I found a part used bottle of baby oil in a cupboard in the house. The kids are in their mid thirties so you know how long it's been there.
I have been using this same bottle to wipe tools down with for around five years and there is still plenty left!


----------



## Woody2Shoes (17 Mar 2018)

I use 3 in 1 and also VCIs (on the tool and the storage shelf/drawer) in the form of Napier VP90 e.g. https://www.farlows.co.uk/super-vp90.html

https://en.wikipedia.org/wiki/Volatile_ ... _inhibitor

But +1 for Custard's point re. sensible storage choices.

Cheers, W2S


----------



## Silly_Billy (17 Mar 2018)

Thanks everyone. I won’t be spending any money on camellia oil.

I’d never have guessed that rust could be a hot topic. Who knew? (hammer)


----------



## deema (18 Mar 2018)

I’ve used Metalguard once a year, and liberon wax as required for years and not had any issues with rust. Last year I built a new workshop and had to move my machines / hand tools in before it was fully aired and the concrete fully dried out (about six months to fully dry out). I had terrible problems with condensation over the winter for the first time ever. In the morning the machines were literally soaking wet. I had to towel them off before I could use them / heat up and dry out the motors. The cast iron tops were stood in puddles. The worst was after a weekend / break for Xmas where it resembled a swimming pool. Anyway, anything that had Metalguard and liberon wax on it was completely unaffected, rust free and no blooming. 

Custard is right, the two best ways to stop rust is to have warm atmosphere and failing that constant use. The resin in the wood helps I believe to add a protective layer and the friction wears off the surface to create a lovely patenia.


----------



## G S Haydon (18 Mar 2018)

On the basis that you have a selection of tools used regularly, mineral oil is fine. Making an oil wick like Mr Sellers shows on his blog is a good start. 

For storage of a collection of seldom used tools. Dry, dust free, wiped with oil and checked regularly.


----------



## Phil Pascoe (18 Mar 2018)

Yes. I was very sceptical of this, always worrying the oil would get on the workpiece but in reality it doesn't seem to - although maybe I wouldn't use it right before the final stroke of an edge to edge joint. I use mine on my saws, silversmithing hammers and tools I rarely use (when I put them away) as well, the hammers being well polished.


----------



## Silly_Billy (30 Apr 2020)

sunnybob":2fon91uz said:


> I used to use ACF50, which is made for military aircraft under all conditions, even at sea on aircraft carriers. If I was still in the UK I would still be using it, but its not available here.
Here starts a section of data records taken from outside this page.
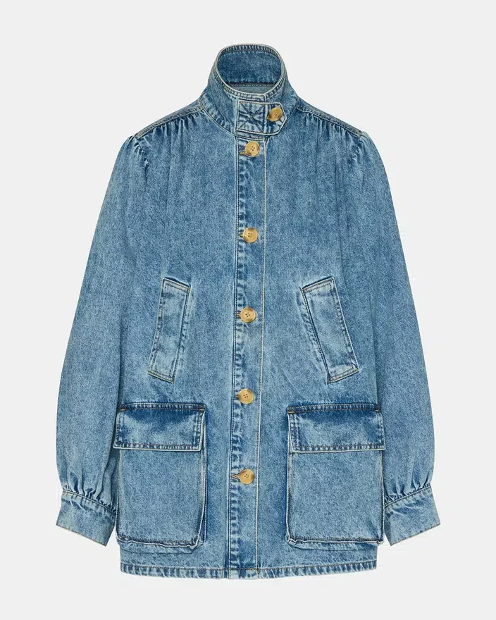 The Marceline Denim Jacket Forever Blue Offers a Timeless Silhouette with a Modern Fit. Crafted from Durable Denim, This Long-Sleeve Button-Up Jacket Features Classic Detailing That Enhances Its Versatile Style. Its Structured Design Provides Layering Options for Transitional Weather, Delivering Both Comfort and a Polished Look Ideal for Elevated Casual Wear.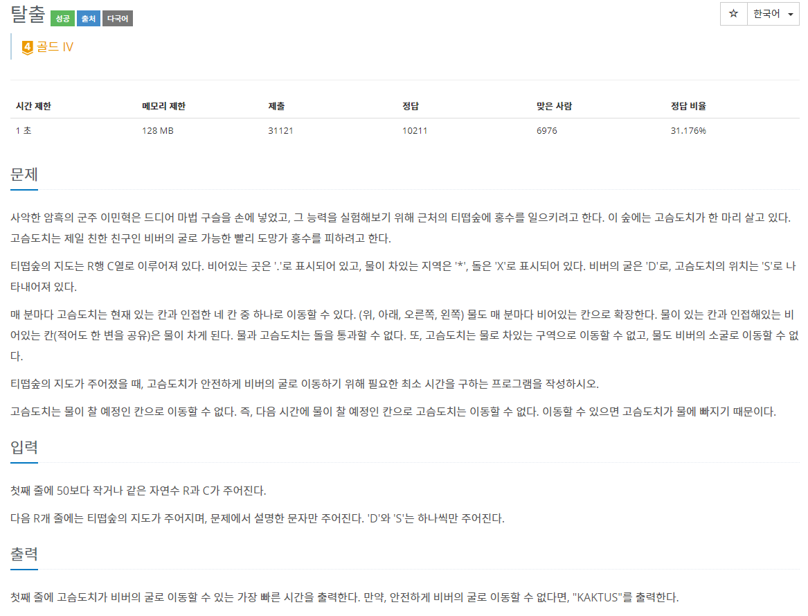 비버의집 위치를 저장후에 bfs를 돌리고 만약 비버의집 위치가 'S' 고슴도치라면 distance값 반환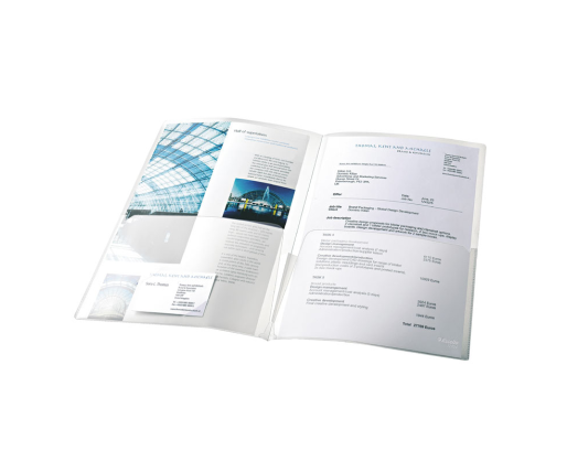 80 mikronų plastikas. Kiekvienoje pusėje į dėklą telpa iki 50 lapų. Speciali kišenėlė vizitinėms kortelėms. Matinis. A4 formato. Pakuotėje 5 vnt.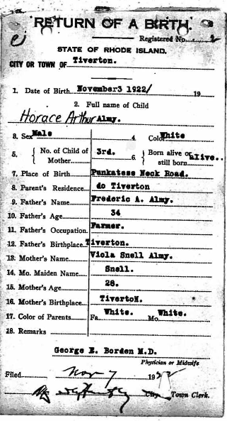 Here is Horace’s birth record: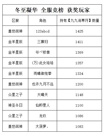 《世界OL》冬至凝华 全服竞榜 获奖玩家

I switched to ACF50, and it proved significantly better than camellia oil and even 3-in-1. However, I wonder about what these chemicals could do to my skin. Am I being a bit paranoid?


----------



## D_W (30 Apr 2020)

ACF50 and 3 in 1 both have two main components - hydrotreated oil and naptha. The former is 70/30 more or less, and the latter 97/3. 3 in 1 also has fragrance listed in the ingredients (which seems odd because the smell isn't *good*)

If ACF50 isn't thinner feeling (due to the naptha), then it may have a heavier oil in it. the extra naphta may dry your skin out, but other than that, both are classified as non-carcinogenic by the IARC according to the SDS and suggested not to eat or get in your eyes (what a surprise). 

Long story short, no significant chemical concern for a casual user.


----------